Leitos hospitalares são substituídos por instituições “sem médicos”
Diário da Manhã
Publicado em 23 de agosto de 2016 às 02:43 | Atualizado há 9 anosOntem recebemos na unidade juvenil do hospital psiquiátrico que eu dirijo três homens com uniformes militares. Disseram que faziam parte de uma fazenda de recuperação evangélica com “regime militar” e que estavam lá para retirar, a pedido do pai, um paciente grave , com psicose tóxica (cannabis/maconha). Disseram que sua unidade não tem médico, o que existe vai lá uma vez a cada 15 dias, mas que eles não tem medo de pegar pacientes psiquiátricos graves: “A gente tem até uma tabelinha: 1/ para alcoolismo a gente dá isso. 2/ para maconha a gente dá aquilo. 3/ para agitação a gente ministra aquilo outro, etc. O pai optou por retirar de nosso hospital porque nele o pai de crianças e menores precisam ficar de acompanhante, e o pai queria ficar livre da incumbência”.
Na semana passada recebemos um rapaz de 18 anos, com sua mãe, dizendo que já estava cansado de ficar na “solitária” de outra casa de recuperação. Lá eram medicados pela “dona”, segundo eles uma missionária evangélica casada com outro missionário. Ela seria, segundo o rapaz traumatizado, enfermeira do Samu, de onde , segundo ele, ela retiraria medicações para dar para os internos. Segundo ele, “ainda nesta semana eles passaram um apuro danado, pois um interno quase morreu com uma dose forte de neozine que deram para ele”. Neozine ( levomepromazina ) é um antipsicótico neuroléptico muito potente, de manuseio muito delicado, que facilmente pode levar à morte por uma série de motivos , colapso cardiovascular, obstrução respiratória com consequente insuficiência, arritmias, etc. Mesmo num hospital psiquiátrico seu uso é muito restrito e cuidadoso. Mas, segundo este interno, na casa de recuperação onde ele estava, tal medicação era ministrada inclusive por “obreiros”, ou seja, pessoal que nem da área da saúde é…

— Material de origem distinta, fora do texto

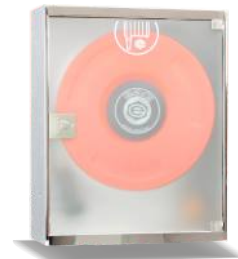
Mod. 690 PEI Mod. 690 PEIT45

Isso acima reflete a situação não só de Goiás, mas do Brasil inteiro. Até 15 anos atrás, apenas 30% dos doentes psiquiátricos tinham associação com drogas. Hoje isso pulou para mais de 60%, em nossa casuística, de modo que praticamente todo doente mental, hoje, tem ligação com droga. Aí eles montam “fazendinhas, casas de recuperação, clínicas”, para drogados e isso passa a atender toda a população com doença psiquiátrica. Em síntese, são os novos hospitais psiquiátricos. Como um camelô na rua, as casas de recuperação “competem” com o “comércio que paga impostos, tem exigências, restrições, multas”. Eles não tem nenhum compromisso sanitário oficial, podem fazer o que querem, e ainda por cima com gastos ínfimos, quando comparados a um hospital, com toda sua canga enorme de impostos, exigências, normas, etc.
E o que é pior, tudo isso apoiado e financiado pelo Governo, o mesmo Governo que se gaba de ter “acabado com os leitos psiquiátricos” e tê-los colocados em centros psicológicos-sociais na comunidade. O que é pior é que o Governo montou essas estruturas caríssimas , em volume, pelo Brasil afora, que hoje gastam muito mais do que centenas de hospitais psiquiátricos. Disse que as montou , que custam caro de fato, mas que isso justifica o fim dos leitos psiquiátricos. Tais centros, segundo o Governo, substituem os hospitais, apesar de muitos deles já estarem virando um arremedo de hospital, e muito mais precário, pois, como as casas de recuperação, não tem médicos especialistas, plantonistas, etc. Governos gastam centenas de milhões de reais com os tais centros psicológico-sociais e ainda assim não conseguiram acabar com os leitos psiquiátricos. Pelo contrário, como mostro no gráfico, fizeram foi multiplicá-los de outras formas. Os custos, então, fizeram foi multiplicar-se, sem melhora real no atendimento técnico.
Não sou favorável a internação discriminada de pacientes psiquiátricos, assim como de qualquer outro paciente médico, sou favorável, isso sim, a seu tratamento técnico, digno, humano, seja onde for. Se precisar internar para fazer exames, para uma abordagem médica-especializada mais profunda, que se interne, assim como se dá em qualquer outra especialidade médica. Que fique o menor tempo e logo vá para um ambulatório médico-psiquiátrico especializado, coisa que também praticamente inexiste nas instâncias governamentais. Se for o hospital que tem os melhores ambulatórios, os melhores especialistas, os melhores meios de exames, as melhores equipes de enfermagem, os melhores recursos terapêuticos, então que se valorize o hospital, e não o demonize, como o faz o Governo Federal. É uma pura questão de hipocrisia, só isso.